__What to work on__: Please, from the entries below, transcribe exactly the lines that begin at the line with "World One Presents" and end at the line with "They show a", without the pictures.

[Dataset entries]
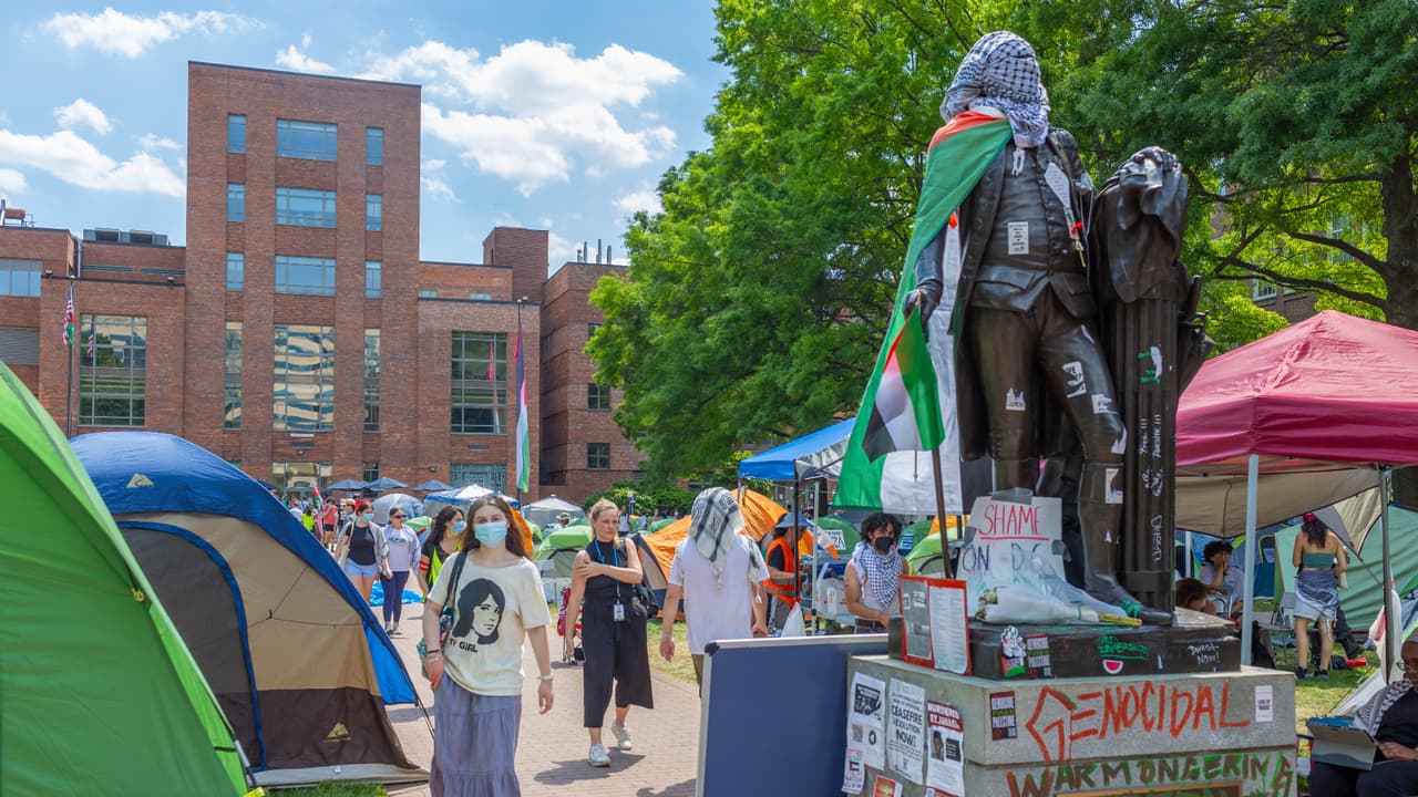 Este jueves se mantienen las protestas a favor de Palestina en el campus de la Universidad George Washington, en el Distrito de Columbia. Durante la jornada ha habido momentos de tensión, pues los manifestantes denuncian que la policía quería quitar la bandera palestina que ondea frente a la casa de estudios. Entretanto, otro grupo de estudiantes realizó una contraprotesta en apoyo a Israel, lo que ha caldeado los ánimos.
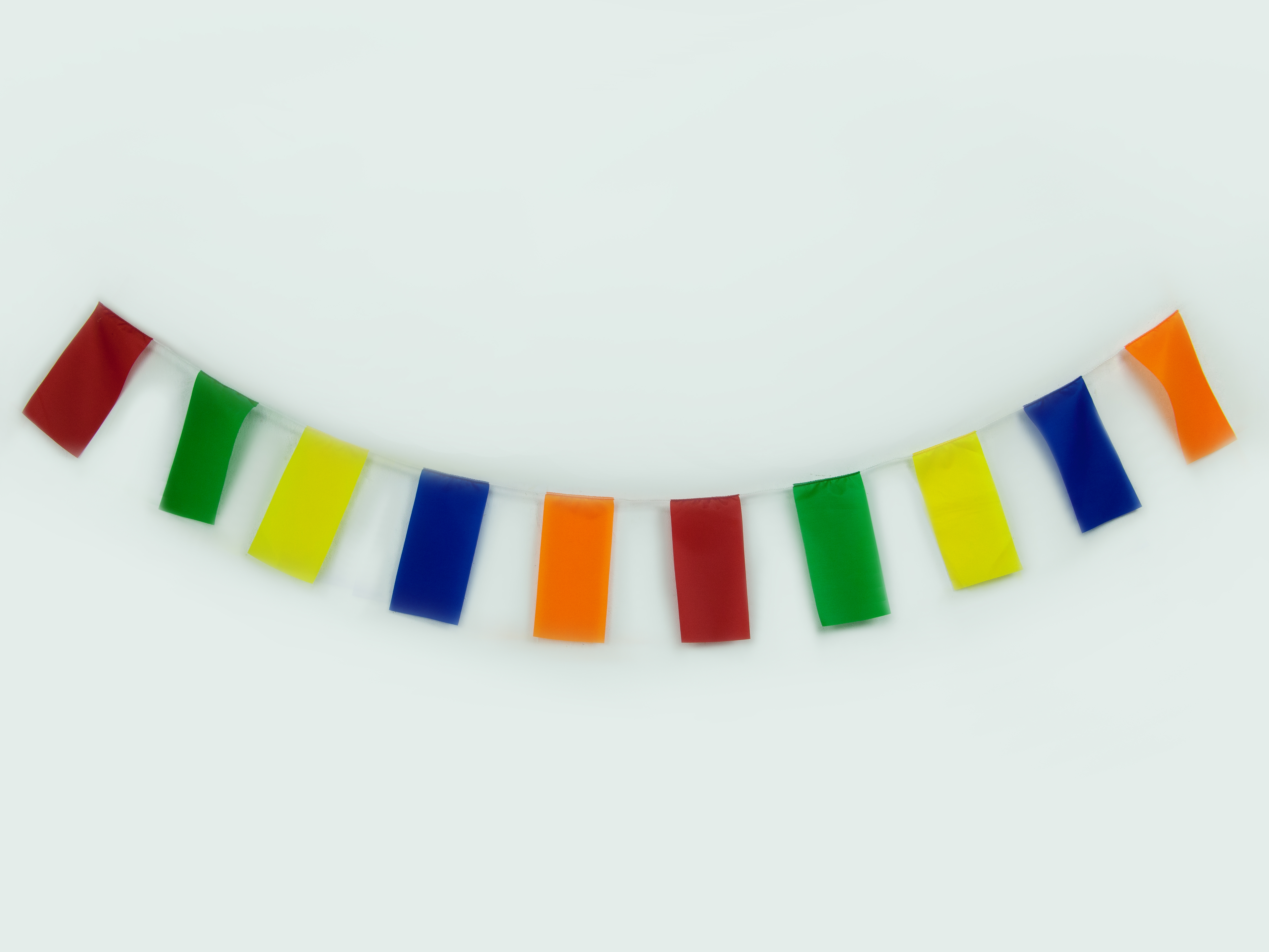 Флажная лента — это ряд прямоугольных разноцветных флажков (5 цветов – синий, красный, желтый, зеленый, оранжевый), пришитых к шнуру. 40 см шнура   с каждой стороны – завязки.
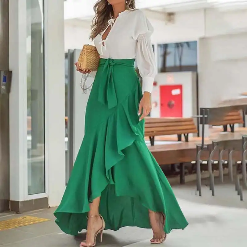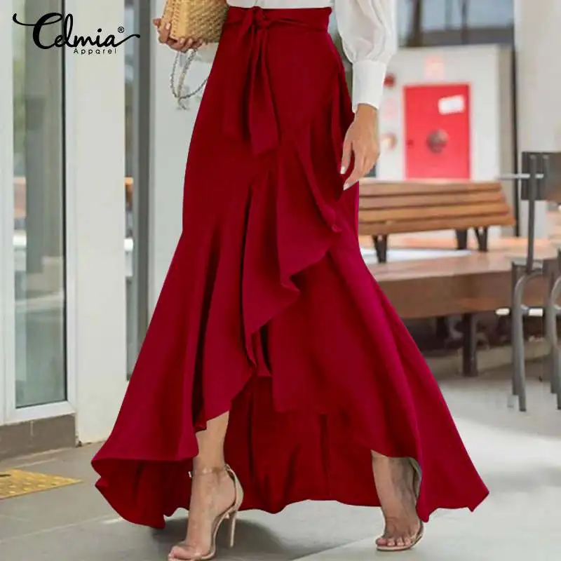 Celmia 2022 модные асимметричные юбки с оборками, Женская юбка-макси с высокой талией и поясом, длинная юбка для вечеринки, повседневные свободные юбки
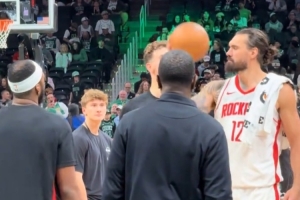 一本正经的海王!申京和奥科吉头球传球玩得正嗨 亚当斯直接抢断
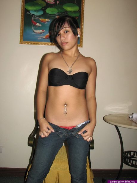 LBFM Addiction: Asian teen with a tiny tattoo on her ass strips and displays her pierced nips
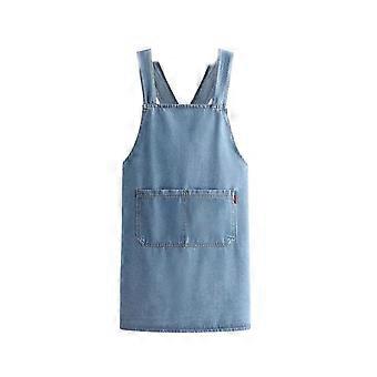 Crossback Denim Apron with Adjustable Cotton Straps and Large Pockets for Cooking and Gardening
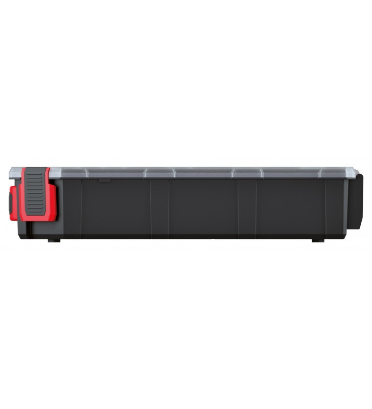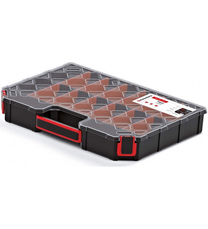 - Korpus wykonany z mieszanki polimerów o podwyższonej wytrzymałości. - Ergonomiczna rączka. - Transparentna pokrywa. - Funkcjonalne przegrody. - Wytrzymałe zapięcia.
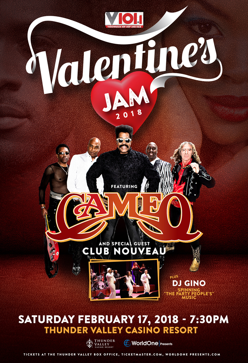 World One Presents & V101 are holding their annual event at Thunder Valley Casino Resort again this year with their “Valentine’s Soul Jam 2018”, with both Cameo and Club Nouveau performing.  They will take the stage inside the resort at Pano Hall.  You can still get tickets at Ticketmaster.
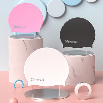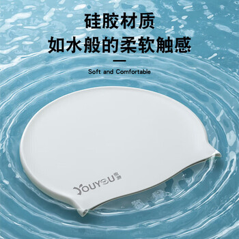 佑游泳帽硅胶防水男女通用长发护耳高弹舒适专业训练比赛泳帽7814黑色
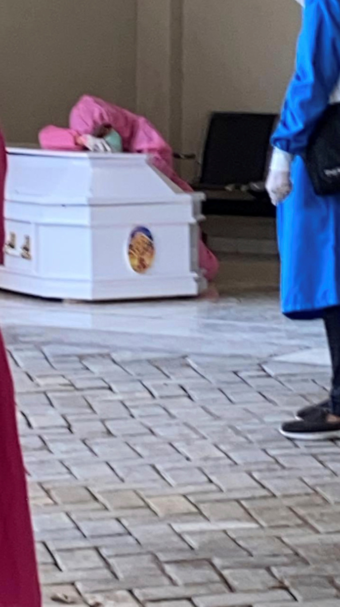 They show a woman, whose face is barely visible, dressed in a pink hazmat suit, gloves, and turquoise mask, alone as she rests her head on a white coffin.
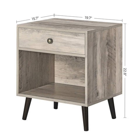 SKU: GRDNSWL76925812This Mid-Century Modern 1-Drawer Nightstand Bedroom End Table in Grey Wood Finish features clean lines and a mid-century modern silhouette, making it a sleek compact space for all your bedroom necessities. It has a solid and engineered wood frame with a rustic brown finish, and it rests on four sleek angled legs that emulate the iconic style. A single drawer gives you a spot for random odds and ends, while a lower cubby is the ideal place for a stack of books. At just under 20" wide, this bedside table also looks nice next to a living room sofa or cushy armchair.
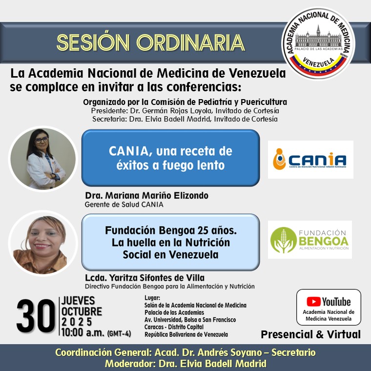 La Junta Directiva de la Academia Nacional de Medicina tiene el agrado de invitar a los Individuos de Número, Miembros Correspondientes Nacionales y Extranjeros, Invitados de Cortesía, profesionales del área de la salud, estudiantes y público en general a la Sesión Ordinaria que se realizará el día jueves, 30 de octubre de 2025, a las 10:00 am, en las modalidades presencial en la Sala de Sesiones de la Academia Nacional de Medicina (Palacio de las Academias) y virtual por las plataformas Zoom y YouTube, de acuerdo al siguiente orden del día:
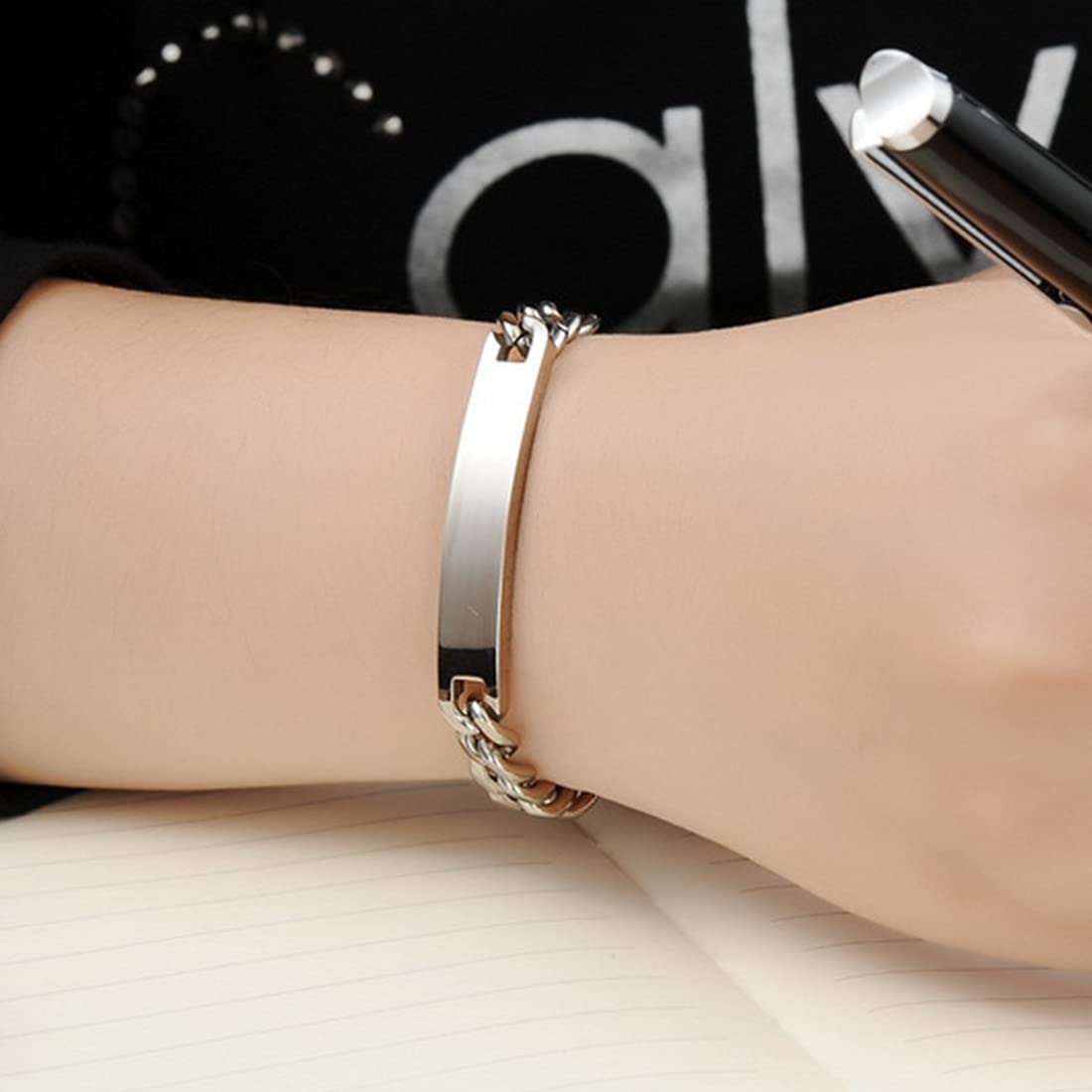 Rockyu カップルブレスレット|ローズゴールド&シルバーチェーン|ペアアクセサリー

__Response__:
 World One Presents & V101 are holding their annual event at Thunder Valley Casino Resort again this year with their “Valentine’s Soul Jam 2018”, with both Cameo and Club Nouveau performing.  They will take the stage inside the resort at Pano Hall.  You can still get tickets at Ticketmaster.
 佑游泳帽硅胶防水男女通用长发护耳高弹舒适专业训练比赛泳帽7814黑色
 They show a woman, whose face is barely visible, dressed in a pink hazmat suit, gloves, and turquoise mask, alone as she rests her head on a white coffin.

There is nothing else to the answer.